Problem requirements: Below are the records; repeat exactly their lines between the line holding "联合国《生物多样性公约》秘书" and the line holding "Sem título –", inclusive, skipping the pictures.

Data provided:
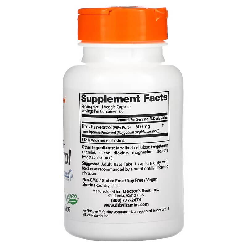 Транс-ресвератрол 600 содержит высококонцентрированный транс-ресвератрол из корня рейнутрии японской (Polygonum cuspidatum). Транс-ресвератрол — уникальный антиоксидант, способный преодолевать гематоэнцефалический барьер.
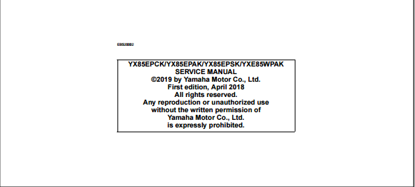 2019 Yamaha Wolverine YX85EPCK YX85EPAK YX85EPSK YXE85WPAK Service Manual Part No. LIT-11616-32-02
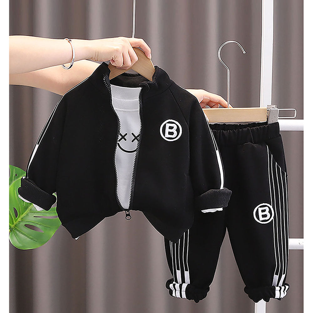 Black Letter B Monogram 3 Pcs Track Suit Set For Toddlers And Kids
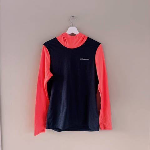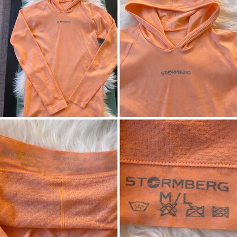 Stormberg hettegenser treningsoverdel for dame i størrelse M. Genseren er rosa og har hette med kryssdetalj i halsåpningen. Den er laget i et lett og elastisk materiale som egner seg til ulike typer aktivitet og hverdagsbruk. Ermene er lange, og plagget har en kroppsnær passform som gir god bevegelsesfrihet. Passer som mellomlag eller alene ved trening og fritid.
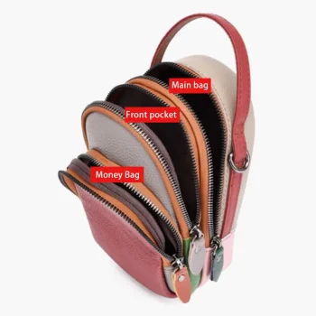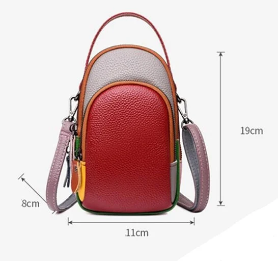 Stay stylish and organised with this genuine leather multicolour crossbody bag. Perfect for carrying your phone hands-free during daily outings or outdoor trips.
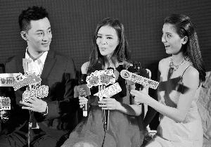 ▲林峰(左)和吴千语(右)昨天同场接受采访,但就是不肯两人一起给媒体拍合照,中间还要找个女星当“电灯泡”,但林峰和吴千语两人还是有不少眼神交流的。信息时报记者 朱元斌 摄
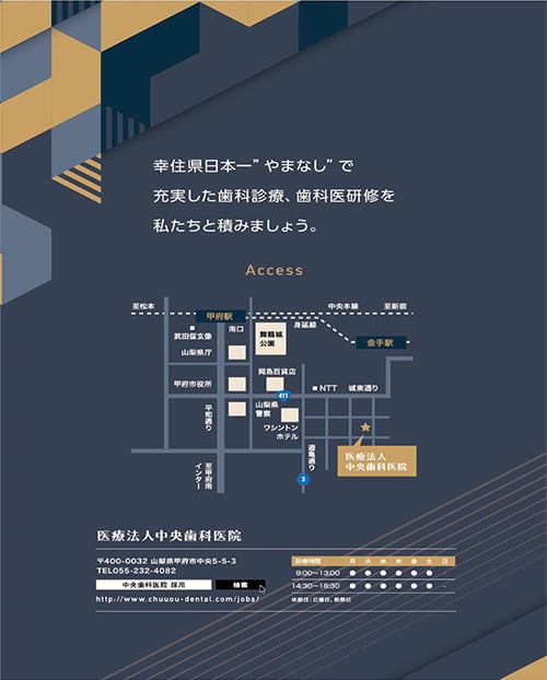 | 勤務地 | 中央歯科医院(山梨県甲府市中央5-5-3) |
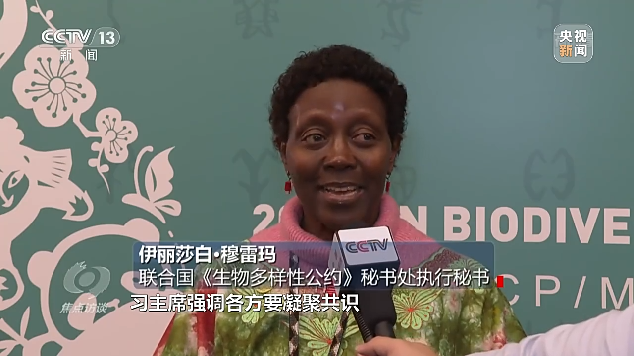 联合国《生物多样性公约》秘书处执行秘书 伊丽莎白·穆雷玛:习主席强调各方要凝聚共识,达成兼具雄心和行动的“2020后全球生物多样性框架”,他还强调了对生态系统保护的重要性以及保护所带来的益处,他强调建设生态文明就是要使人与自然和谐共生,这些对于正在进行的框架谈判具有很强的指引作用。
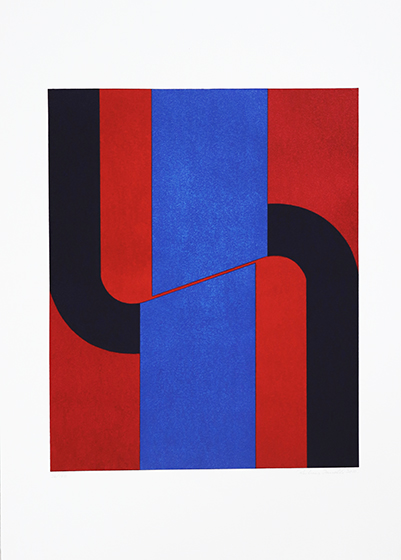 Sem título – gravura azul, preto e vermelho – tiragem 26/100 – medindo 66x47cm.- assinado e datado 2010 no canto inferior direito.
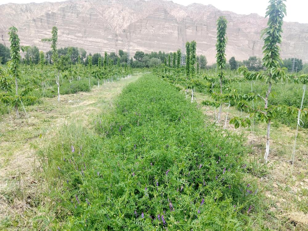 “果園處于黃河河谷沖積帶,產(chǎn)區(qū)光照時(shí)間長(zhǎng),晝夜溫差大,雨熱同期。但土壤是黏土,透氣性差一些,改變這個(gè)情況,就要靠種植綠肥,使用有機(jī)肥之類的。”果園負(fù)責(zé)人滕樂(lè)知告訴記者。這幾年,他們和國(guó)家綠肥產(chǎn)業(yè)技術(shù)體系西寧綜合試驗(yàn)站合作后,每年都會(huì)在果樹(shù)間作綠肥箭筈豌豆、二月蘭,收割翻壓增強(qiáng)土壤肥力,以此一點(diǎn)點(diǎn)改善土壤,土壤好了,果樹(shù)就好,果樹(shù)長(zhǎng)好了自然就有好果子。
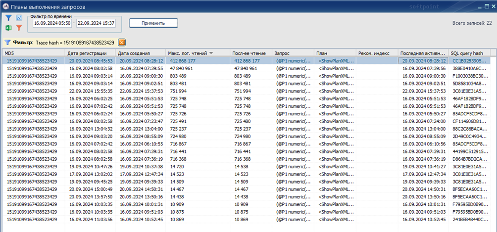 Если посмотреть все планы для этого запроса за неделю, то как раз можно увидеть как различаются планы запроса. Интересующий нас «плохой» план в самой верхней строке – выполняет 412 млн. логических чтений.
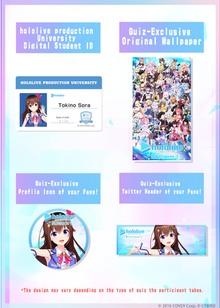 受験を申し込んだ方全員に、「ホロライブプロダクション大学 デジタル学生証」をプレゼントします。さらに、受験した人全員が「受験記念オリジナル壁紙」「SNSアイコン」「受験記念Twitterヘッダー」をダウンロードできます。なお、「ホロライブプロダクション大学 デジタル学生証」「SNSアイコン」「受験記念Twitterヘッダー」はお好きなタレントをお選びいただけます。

==

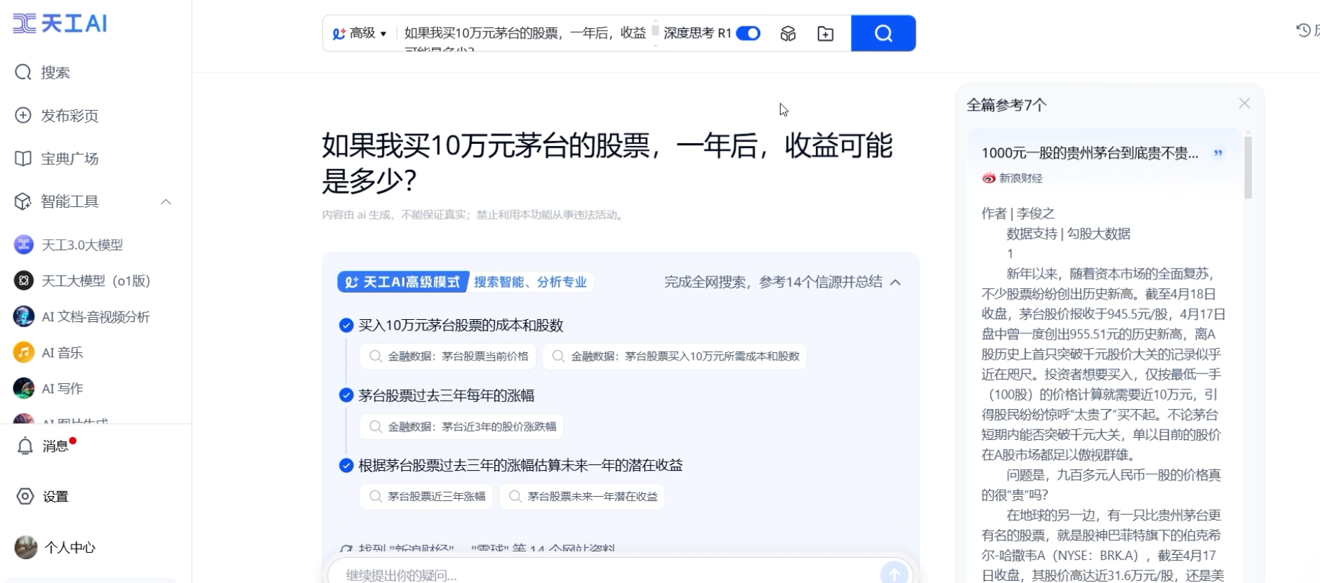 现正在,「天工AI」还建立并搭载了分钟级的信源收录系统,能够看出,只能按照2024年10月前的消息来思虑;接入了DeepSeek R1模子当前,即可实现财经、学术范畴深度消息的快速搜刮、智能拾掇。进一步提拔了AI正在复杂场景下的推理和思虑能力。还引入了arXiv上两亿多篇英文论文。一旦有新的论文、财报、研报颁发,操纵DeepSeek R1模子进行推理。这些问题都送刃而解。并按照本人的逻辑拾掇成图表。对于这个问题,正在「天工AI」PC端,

...

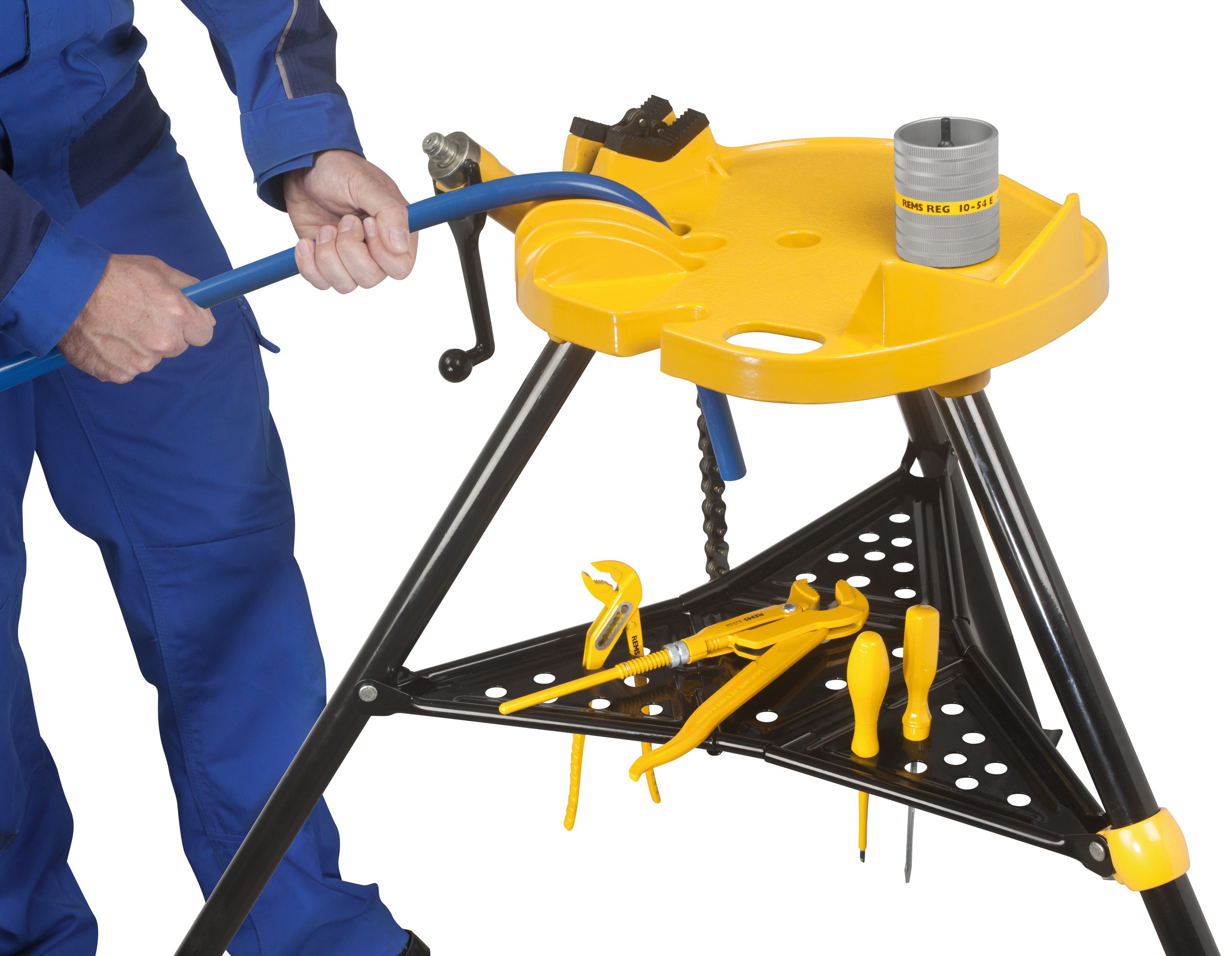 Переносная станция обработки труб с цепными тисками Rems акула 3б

Reply to the task:
 联合国《生物多样性公约》秘书处执行秘书 伊丽莎白·穆雷玛:习主席强调各方要凝聚共识,达成兼具雄心和行动的“2020后全球生物多样性框架”,他还强调了对生态系统保护的重要性以及保护所带来的益处,他强调建设生态文明就是要使人与自然和谐共生,这些对于正在进行的框架谈判具有很强的指引作用。
 Sem título – gravura azul, preto e vermelho – tiragem 26/100 – medindo 66x47cm.- assinado e datado 2010 no canto inferior direito.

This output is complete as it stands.